**Provided data:**
***

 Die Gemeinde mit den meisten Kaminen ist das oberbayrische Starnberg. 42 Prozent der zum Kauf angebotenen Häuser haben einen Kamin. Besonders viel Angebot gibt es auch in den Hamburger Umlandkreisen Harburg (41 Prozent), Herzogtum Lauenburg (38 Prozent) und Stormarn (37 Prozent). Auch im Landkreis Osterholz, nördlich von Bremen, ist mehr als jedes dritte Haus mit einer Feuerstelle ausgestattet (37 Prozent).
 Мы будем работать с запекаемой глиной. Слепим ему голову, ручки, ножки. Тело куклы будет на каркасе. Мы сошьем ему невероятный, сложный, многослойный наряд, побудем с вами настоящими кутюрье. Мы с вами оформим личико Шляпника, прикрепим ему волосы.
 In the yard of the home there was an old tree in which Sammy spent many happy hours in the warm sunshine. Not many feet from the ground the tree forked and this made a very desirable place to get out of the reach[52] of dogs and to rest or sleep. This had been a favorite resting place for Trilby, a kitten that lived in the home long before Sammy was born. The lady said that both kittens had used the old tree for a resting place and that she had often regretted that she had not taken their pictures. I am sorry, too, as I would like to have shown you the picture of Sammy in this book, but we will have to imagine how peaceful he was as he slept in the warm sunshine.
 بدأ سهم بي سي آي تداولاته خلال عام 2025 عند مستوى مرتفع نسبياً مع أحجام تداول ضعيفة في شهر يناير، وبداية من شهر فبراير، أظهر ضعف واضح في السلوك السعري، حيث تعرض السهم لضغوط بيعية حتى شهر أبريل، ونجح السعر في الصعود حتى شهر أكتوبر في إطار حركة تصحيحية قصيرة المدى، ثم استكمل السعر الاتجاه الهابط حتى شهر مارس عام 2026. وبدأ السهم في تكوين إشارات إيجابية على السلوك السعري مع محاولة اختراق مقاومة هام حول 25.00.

***

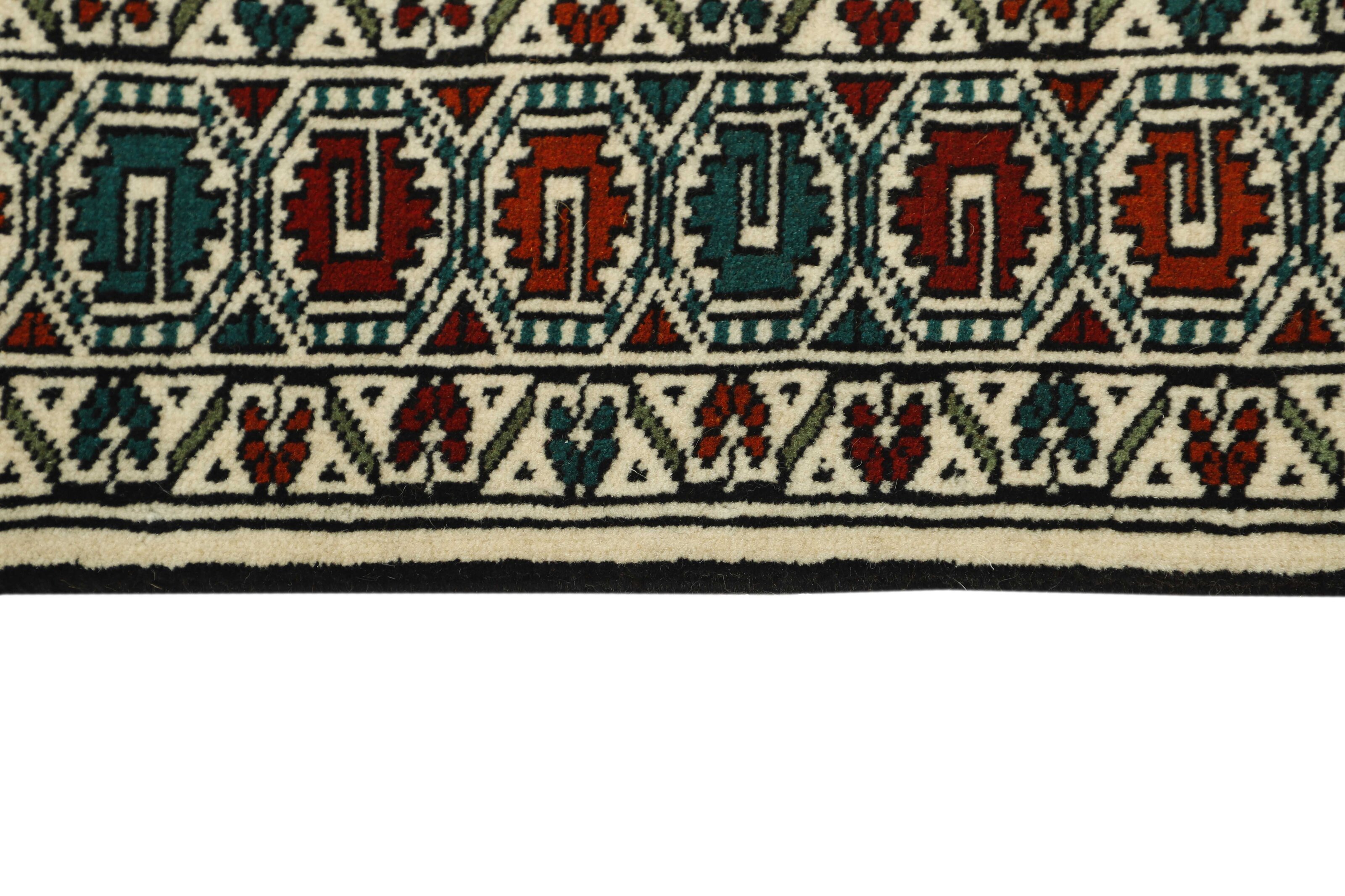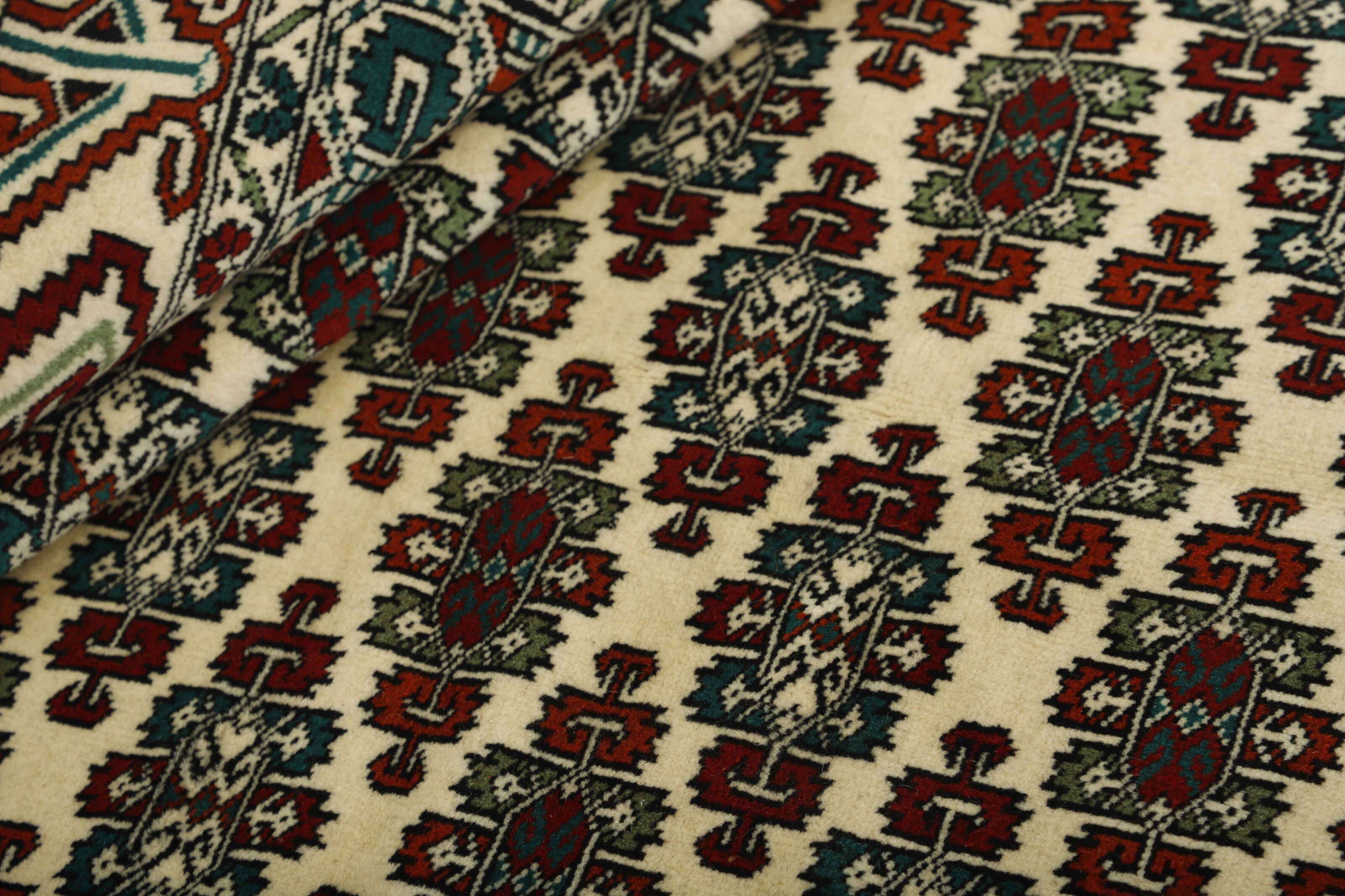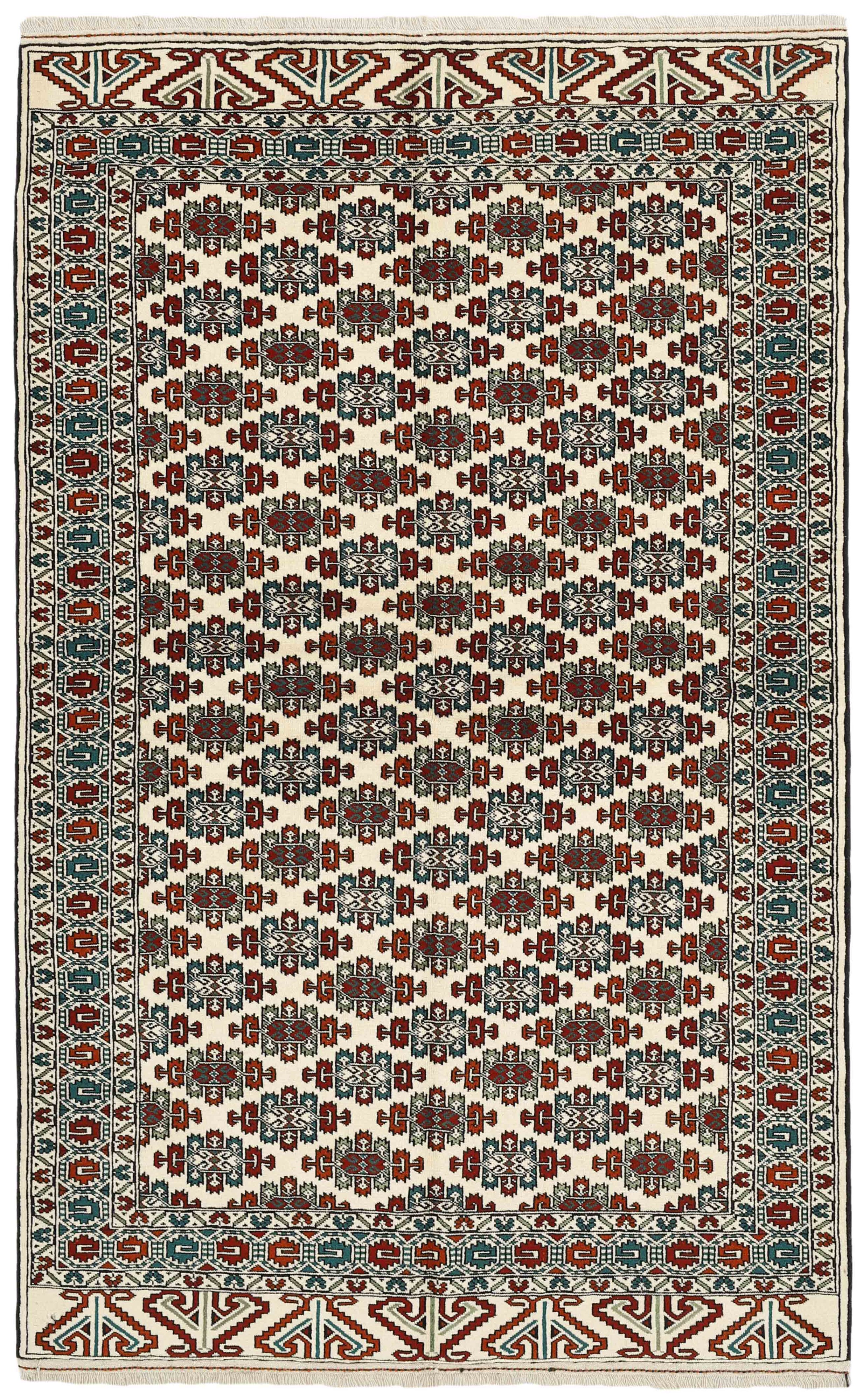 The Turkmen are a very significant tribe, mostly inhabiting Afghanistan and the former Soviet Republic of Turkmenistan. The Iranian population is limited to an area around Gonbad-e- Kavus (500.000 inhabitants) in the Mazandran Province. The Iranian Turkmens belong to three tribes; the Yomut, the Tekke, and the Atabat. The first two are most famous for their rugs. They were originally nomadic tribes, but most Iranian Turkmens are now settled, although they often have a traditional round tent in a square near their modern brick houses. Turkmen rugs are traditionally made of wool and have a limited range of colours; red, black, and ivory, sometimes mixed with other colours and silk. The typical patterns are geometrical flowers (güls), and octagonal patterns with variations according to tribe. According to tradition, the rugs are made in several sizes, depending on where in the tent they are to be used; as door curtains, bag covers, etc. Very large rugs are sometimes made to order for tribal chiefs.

***

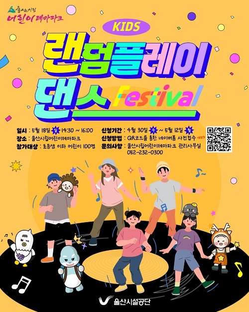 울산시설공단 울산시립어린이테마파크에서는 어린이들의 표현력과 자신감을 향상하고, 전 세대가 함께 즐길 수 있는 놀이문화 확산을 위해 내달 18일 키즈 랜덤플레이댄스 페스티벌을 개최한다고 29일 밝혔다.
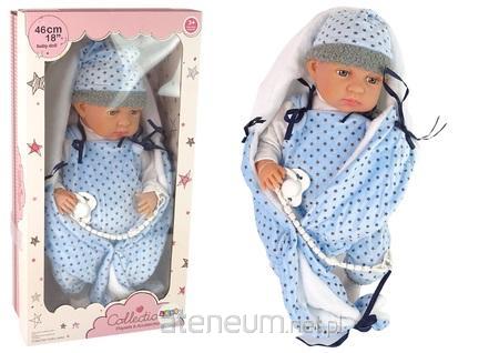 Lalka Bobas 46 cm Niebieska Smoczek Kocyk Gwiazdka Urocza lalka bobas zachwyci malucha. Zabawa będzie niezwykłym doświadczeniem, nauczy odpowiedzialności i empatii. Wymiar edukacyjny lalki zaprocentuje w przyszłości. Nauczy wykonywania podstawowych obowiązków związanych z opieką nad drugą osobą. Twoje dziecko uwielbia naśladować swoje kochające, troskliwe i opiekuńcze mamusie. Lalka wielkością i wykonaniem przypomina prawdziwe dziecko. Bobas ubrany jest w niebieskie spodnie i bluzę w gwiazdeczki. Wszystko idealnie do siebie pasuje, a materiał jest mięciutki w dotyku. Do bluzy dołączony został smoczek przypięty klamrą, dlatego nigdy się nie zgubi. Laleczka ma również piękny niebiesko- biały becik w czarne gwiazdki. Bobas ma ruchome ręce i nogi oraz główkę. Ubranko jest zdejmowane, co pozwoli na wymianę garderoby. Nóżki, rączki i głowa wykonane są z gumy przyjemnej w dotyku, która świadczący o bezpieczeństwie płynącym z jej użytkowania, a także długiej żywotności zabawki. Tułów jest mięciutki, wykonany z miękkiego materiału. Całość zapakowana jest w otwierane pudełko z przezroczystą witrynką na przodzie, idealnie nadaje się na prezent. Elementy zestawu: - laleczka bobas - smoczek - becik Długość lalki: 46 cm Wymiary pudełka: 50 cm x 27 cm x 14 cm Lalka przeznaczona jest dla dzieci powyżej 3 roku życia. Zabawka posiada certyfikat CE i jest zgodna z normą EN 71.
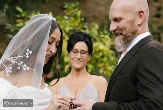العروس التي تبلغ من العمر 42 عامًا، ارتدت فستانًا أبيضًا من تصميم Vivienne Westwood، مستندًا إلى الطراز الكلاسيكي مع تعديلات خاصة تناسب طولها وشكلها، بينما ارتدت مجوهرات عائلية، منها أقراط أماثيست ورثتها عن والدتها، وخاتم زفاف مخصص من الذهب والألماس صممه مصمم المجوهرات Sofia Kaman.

***

**Your instructions:**
From the records above, print only the lines between the one holding "Die Gemeinde mit" and the one holding "Мы будем работать", inclusive, exactly as they stand.

**Answer for this exercise:**
 Die Gemeinde mit den meisten Kaminen ist das oberbayrische Starnberg. 42 Prozent der zum Kauf angebotenen Häuser haben einen Kamin. Besonders viel Angebot gibt es auch in den Hamburger Umlandkreisen Harburg (41 Prozent), Herzogtum Lauenburg (38 Prozent) und Stormarn (37 Prozent). Auch im Landkreis Osterholz, nördlich von Bremen, ist mehr als jedes dritte Haus mit einer Feuerstelle ausgestattet (37 Prozent).
 Мы будем работать с запекаемой глиной. Слепим ему голову, ручки, ножки. Тело куклы будет на каркасе. Мы сошьем ему невероятный, сложный, многослойный наряд, побудем с вами настоящими кутюрье. Мы с вами оформим личико Шляпника, прикрепим ему волосы.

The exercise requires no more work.